Una decisión difícil. Ahora César, de 11 años, Alma, de 9, y Alejandra, de 3, viven con los padres de Garay en una ciudad llamada, irónicamente, El Progreso, en Honduras. Allí, con su salario como costurera en una fábrica, Garay tenía que mantener a sus tres hijos y ayudar a sus padres y hermanos menores. “Era una carga muy pesada”, admite. “Mi padre estaba incapacitado y mi madre lavaba y planchaba, pero con lo que ganaba no alcanzaba”.
Aunque le duele no verlos, Garay no expondría a sus hijos a los peligros de emigrar a suelo americano guiados por un “coyote”, como lo hacen muchos de sus compatriotas.
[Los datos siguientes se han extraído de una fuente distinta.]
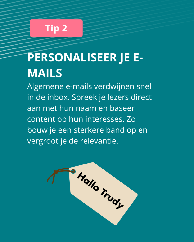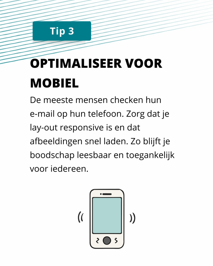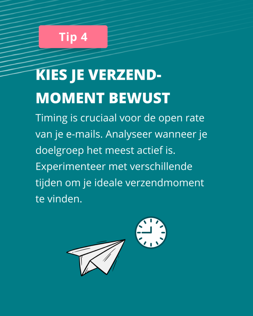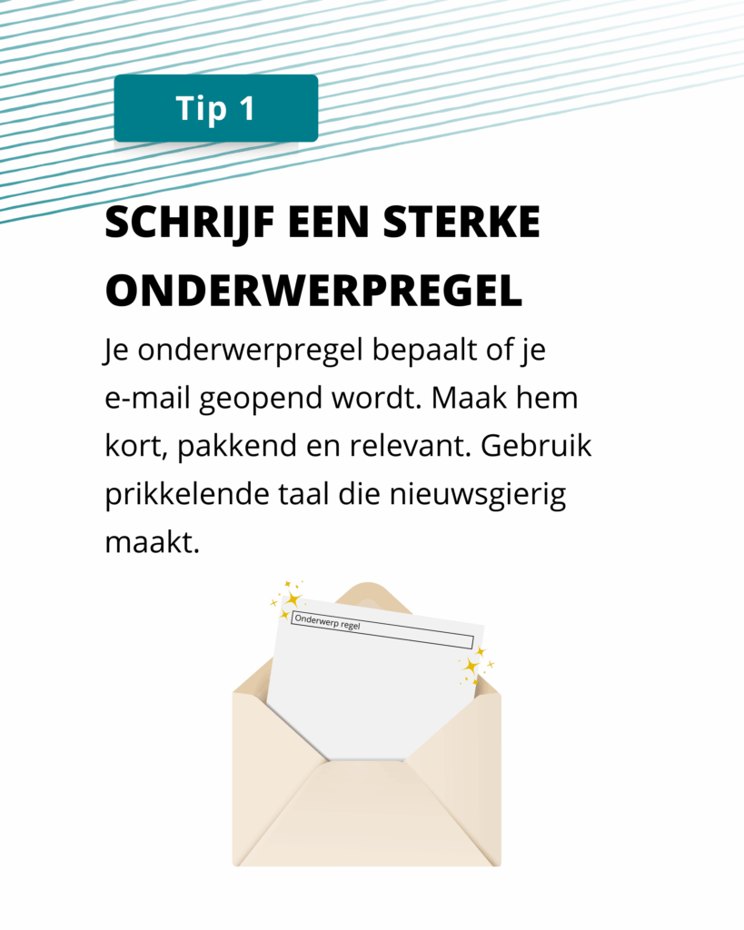 In deze carrousel delen we 5 praktische tips die je direct kunt toepassen. Van een sterke onderwerpregel tot het juiste verzendmoment, allemaal kleine optimalisaties met grote impact.

Al dejar Honduras, Garay huía del maltrato de su ex pareja, un drogadicto que solía golpearla. “Me decía que me quería y que yo era la mujer de su vida, pero la última vez me dejó llena de moretones y ensangrentada”, confiesa. “También le pegó a mi hijo César y ya no pude más”. Afortunadamente, su actual compañero, Casildo Olnés, de 22 años, quien trabaja en construcción, es tierno y solidario. “Gracias a Dios es una maravilla de hombre”, dice Garay. Lo conoció en Luisiana, donde ella demolía viviendas en ruinas. Acostumbrados al “trabajo pesado”, ambos llegaron de Honduras —por vías diferentes— inicialmente a Miami, pero no encontraron trabajos duraderos en la Ciudad del Sol. Aunque ella vivió allí alrededor de un año y él, tres, sus senderos no se cruzaron hasta llegar a Nueva Orleans, donde han plantado bandera.
En su hogar de Luisiana, la madre mima a su recién nacido, enterrando los fantasmas del pasado, y no pierde la esperanza de reunir a sus hijos. Contemplando a John Steven, confiesa: “Algún día conocerán a su nuevo hermanito”.